# WHAT TO PRODUCE
Output the full listing below exactly; the images stay out.

# DATASET CONTENT
• • • • • • •
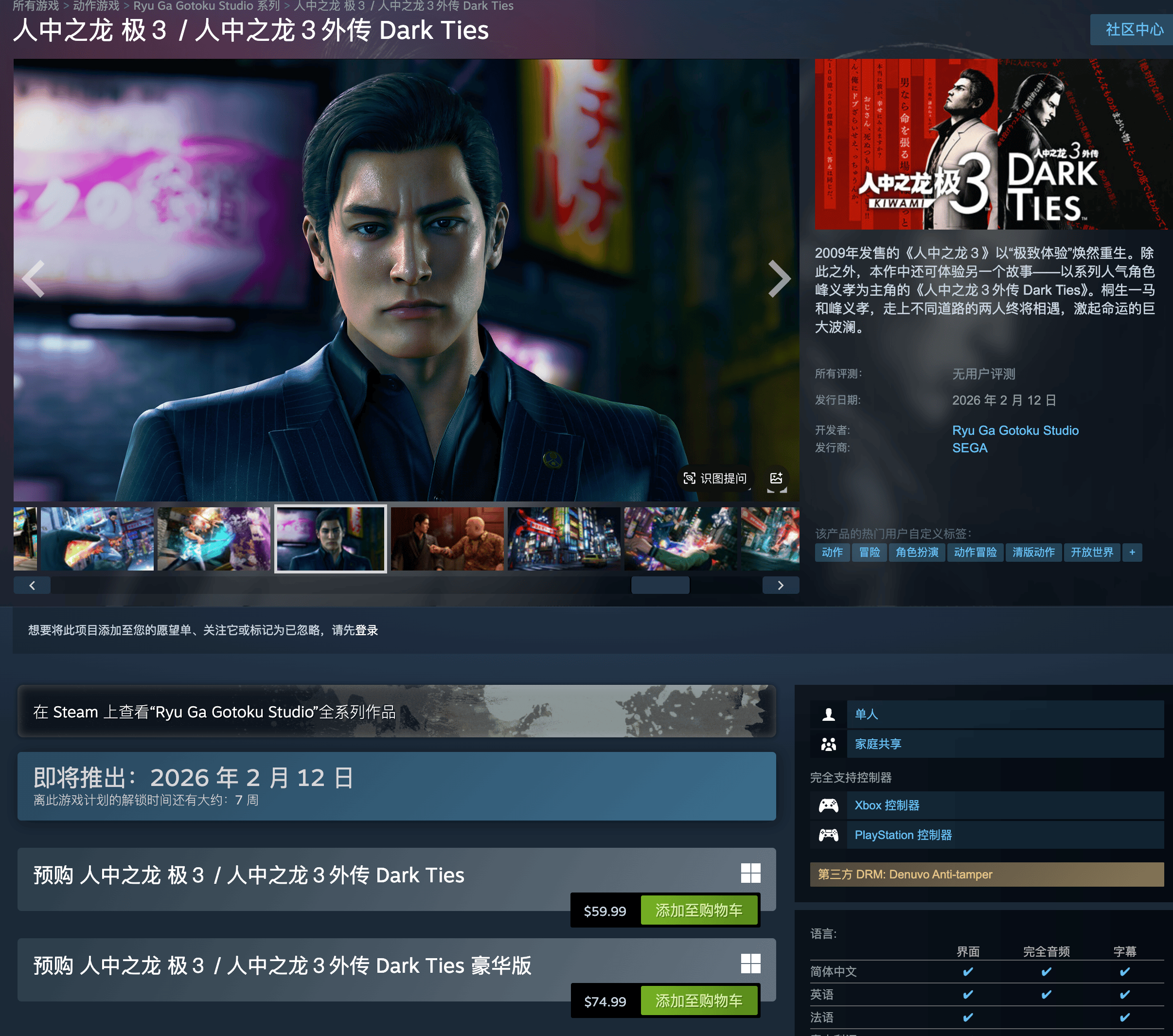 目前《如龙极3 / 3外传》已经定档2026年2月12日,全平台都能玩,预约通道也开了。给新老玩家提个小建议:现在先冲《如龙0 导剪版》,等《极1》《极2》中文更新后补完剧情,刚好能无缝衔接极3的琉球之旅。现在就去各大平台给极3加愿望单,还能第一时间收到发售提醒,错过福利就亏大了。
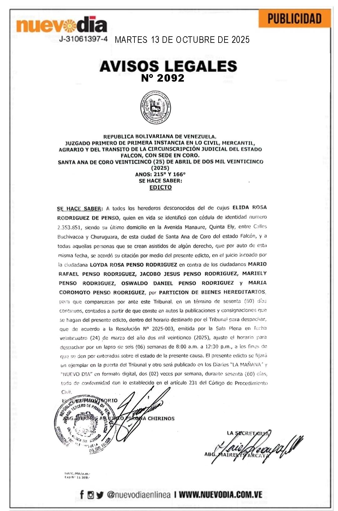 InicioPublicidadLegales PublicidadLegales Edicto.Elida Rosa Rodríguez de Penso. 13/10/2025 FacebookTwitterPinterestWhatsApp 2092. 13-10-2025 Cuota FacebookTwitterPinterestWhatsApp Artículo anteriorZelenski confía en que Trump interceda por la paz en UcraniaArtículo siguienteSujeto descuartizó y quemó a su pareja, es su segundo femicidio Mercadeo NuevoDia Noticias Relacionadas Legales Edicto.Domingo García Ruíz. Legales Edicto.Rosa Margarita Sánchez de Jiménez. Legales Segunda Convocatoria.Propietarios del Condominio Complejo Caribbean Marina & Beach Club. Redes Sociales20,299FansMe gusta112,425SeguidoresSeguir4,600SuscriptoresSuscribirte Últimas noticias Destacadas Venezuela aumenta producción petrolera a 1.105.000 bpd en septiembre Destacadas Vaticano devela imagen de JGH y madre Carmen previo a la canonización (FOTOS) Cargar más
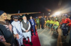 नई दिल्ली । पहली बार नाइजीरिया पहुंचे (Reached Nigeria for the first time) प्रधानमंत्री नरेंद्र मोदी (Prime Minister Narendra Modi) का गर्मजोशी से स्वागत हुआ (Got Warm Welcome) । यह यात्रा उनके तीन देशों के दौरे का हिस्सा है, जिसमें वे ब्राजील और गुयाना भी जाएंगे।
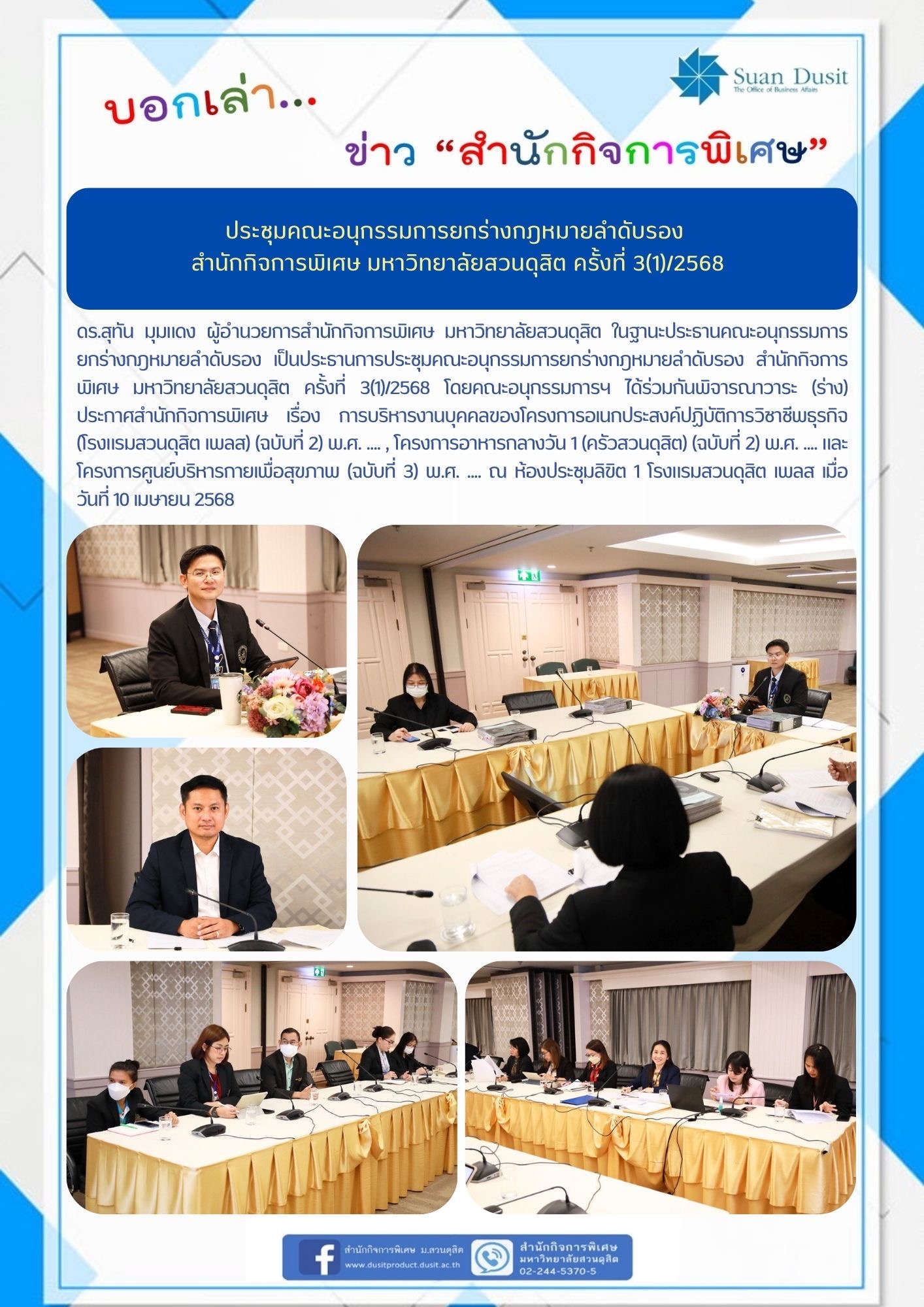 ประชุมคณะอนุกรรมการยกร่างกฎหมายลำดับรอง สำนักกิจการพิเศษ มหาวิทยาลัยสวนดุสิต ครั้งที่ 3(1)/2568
• • • • • • •
# SOLUTION TO THIS TASK
 目前《如龙极3 / 3外传》已经定档2026年2月12日,全平台都能玩,预约通道也开了。给新老玩家提个小建议:现在先冲《如龙0 导剪版》,等《极1》《极2》中文更新后补完剧情,刚好能无缝衔接极3的琉球之旅。现在就去各大平台给极3加愿望单,还能第一时间收到发售提醒,错过福利就亏大了。
 InicioPublicidadLegales PublicidadLegales Edicto.Elida Rosa Rodríguez de Penso. 13/10/2025 FacebookTwitterPinterestWhatsApp 2092. 13-10-2025 Cuota FacebookTwitterPinterestWhatsApp Artículo anteriorZelenski confía en que Trump interceda por la paz en UcraniaArtículo siguienteSujeto descuartizó y quemó a su pareja, es su segundo femicidio Mercadeo NuevoDia Noticias Relacionadas Legales Edicto.Domingo García Ruíz. Legales Edicto.Rosa Margarita Sánchez de Jiménez. Legales Segunda Convocatoria.Propietarios del Condominio Complejo Caribbean Marina & Beach Club. Redes Sociales20,299FansMe gusta112,425SeguidoresSeguir4,600SuscriptoresSuscribirte Últimas noticias Destacadas Venezuela aumenta producción petrolera a 1.105.000 bpd en septiembre Destacadas Vaticano devela imagen de JGH y madre Carmen previo a la canonización (FOTOS) Cargar más
 नई दिल्ली । पहली बार नाइजीरिया पहुंचे (Reached Nigeria for the first time) प्रधानमंत्री नरेंद्र मोदी (Prime Minister Narendra Modi) का गर्मजोशी से स्वागत हुआ (Got Warm Welcome) । यह यात्रा उनके तीन देशों के दौरे का हिस्सा है, जिसमें वे ब्राजील और गुयाना भी जाएंगे।
 ประชุมคณะอนุกรรมการยกร่างกฎหมายลำดับรอง สำนักกิจการพิเศษ มหาวิทยาลัยสวนดุสิต ครั้งที่ 3(1)/2568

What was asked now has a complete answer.